▶ _What the task asks_: Your answer is the lines below, exactly, from the one that contains "Possui mudança automática" through the one that contains "Сервис сравнения цен", both included.

▶ _Source data_:
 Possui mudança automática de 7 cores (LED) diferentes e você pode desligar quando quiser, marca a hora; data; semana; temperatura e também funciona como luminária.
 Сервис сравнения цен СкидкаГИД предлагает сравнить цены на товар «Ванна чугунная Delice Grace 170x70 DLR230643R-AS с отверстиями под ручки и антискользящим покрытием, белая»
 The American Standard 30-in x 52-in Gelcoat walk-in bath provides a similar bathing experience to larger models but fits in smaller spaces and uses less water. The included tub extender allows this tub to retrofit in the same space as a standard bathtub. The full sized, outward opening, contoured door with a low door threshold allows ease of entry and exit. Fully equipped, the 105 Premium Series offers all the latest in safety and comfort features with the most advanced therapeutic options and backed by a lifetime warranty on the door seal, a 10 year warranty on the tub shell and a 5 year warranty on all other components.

---

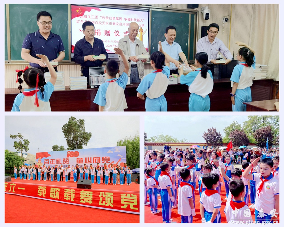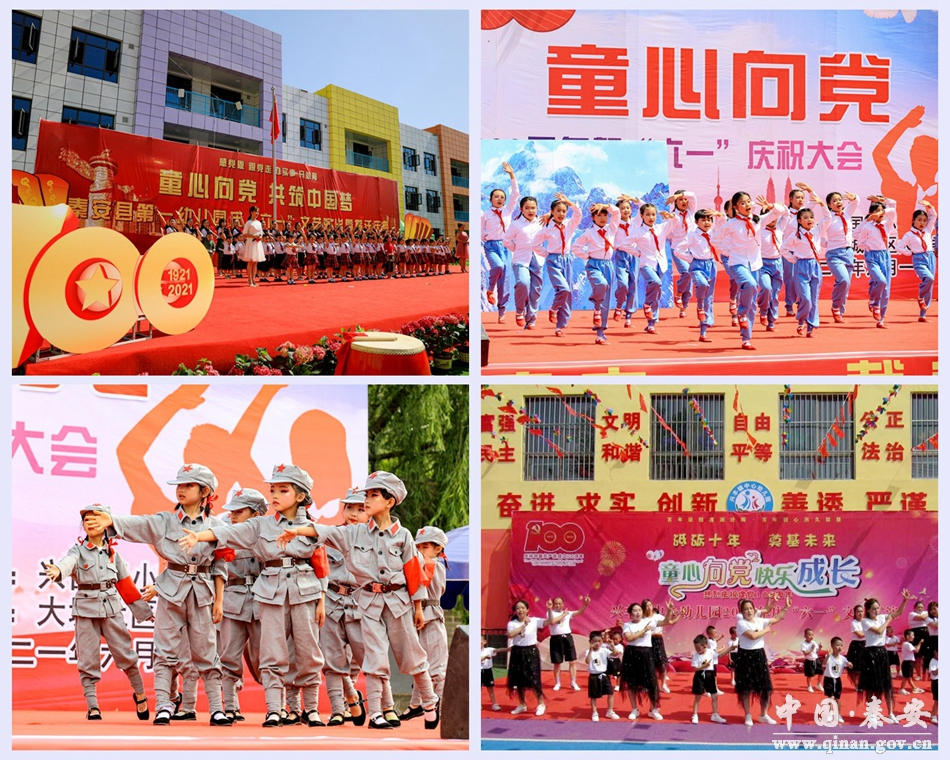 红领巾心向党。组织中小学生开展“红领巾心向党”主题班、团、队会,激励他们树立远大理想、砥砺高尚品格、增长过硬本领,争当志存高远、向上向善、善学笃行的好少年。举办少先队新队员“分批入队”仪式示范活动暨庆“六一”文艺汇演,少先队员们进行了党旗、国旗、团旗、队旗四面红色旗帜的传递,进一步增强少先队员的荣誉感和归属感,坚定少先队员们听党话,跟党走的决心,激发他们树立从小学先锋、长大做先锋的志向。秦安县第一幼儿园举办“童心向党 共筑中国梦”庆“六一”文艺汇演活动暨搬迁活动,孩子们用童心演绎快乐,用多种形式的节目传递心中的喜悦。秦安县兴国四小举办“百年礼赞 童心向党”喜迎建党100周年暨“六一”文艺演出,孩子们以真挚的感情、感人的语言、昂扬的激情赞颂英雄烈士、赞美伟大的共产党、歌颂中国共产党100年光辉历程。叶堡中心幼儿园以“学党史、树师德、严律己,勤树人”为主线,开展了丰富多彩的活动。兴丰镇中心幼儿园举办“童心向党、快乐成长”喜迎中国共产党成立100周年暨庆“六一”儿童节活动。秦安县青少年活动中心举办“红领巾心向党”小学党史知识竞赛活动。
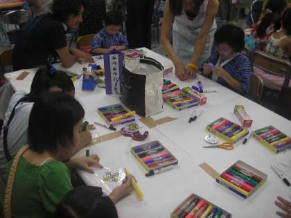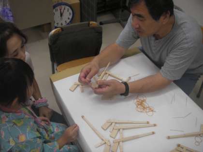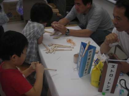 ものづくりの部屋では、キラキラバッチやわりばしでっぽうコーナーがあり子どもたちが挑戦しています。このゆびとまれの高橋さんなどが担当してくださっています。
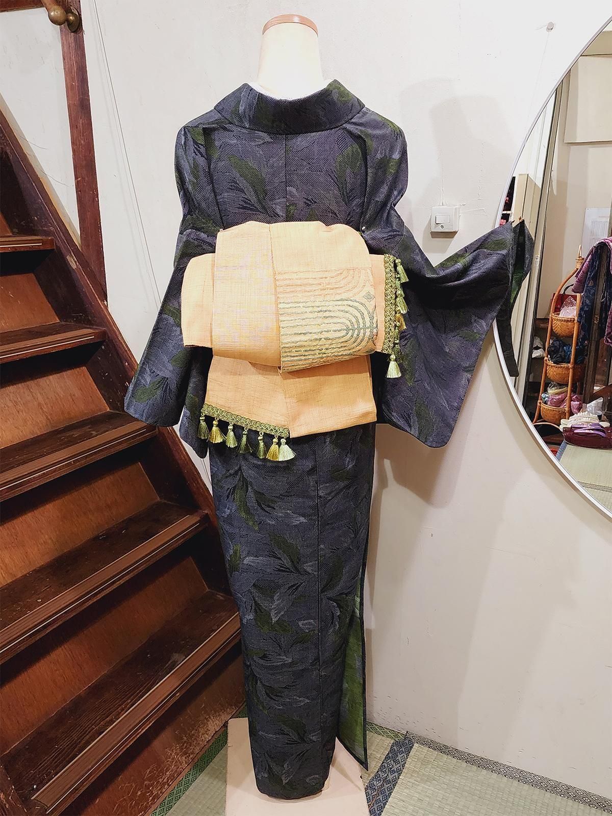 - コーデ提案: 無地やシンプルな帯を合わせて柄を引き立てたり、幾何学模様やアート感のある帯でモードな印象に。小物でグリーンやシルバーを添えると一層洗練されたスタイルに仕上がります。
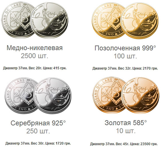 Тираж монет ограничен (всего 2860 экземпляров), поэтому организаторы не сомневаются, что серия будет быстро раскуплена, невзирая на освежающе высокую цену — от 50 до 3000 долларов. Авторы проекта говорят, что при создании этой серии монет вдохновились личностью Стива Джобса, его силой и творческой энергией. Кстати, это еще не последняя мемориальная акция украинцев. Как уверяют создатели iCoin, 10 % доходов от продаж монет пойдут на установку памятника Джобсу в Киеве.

▶ _Output below_:
 Possui mudança automática de 7 cores (LED) diferentes e você pode desligar quando quiser, marca a hora; data; semana; temperatura e também funciona como luminária.
 Сервис сравнения цен СкидкаГИД предлагает сравнить цены на товар «Ванна чугунная Delice Grace 170x70 DLR230643R-AS с отверстиями под ручки и антискользящим покрытием, белая»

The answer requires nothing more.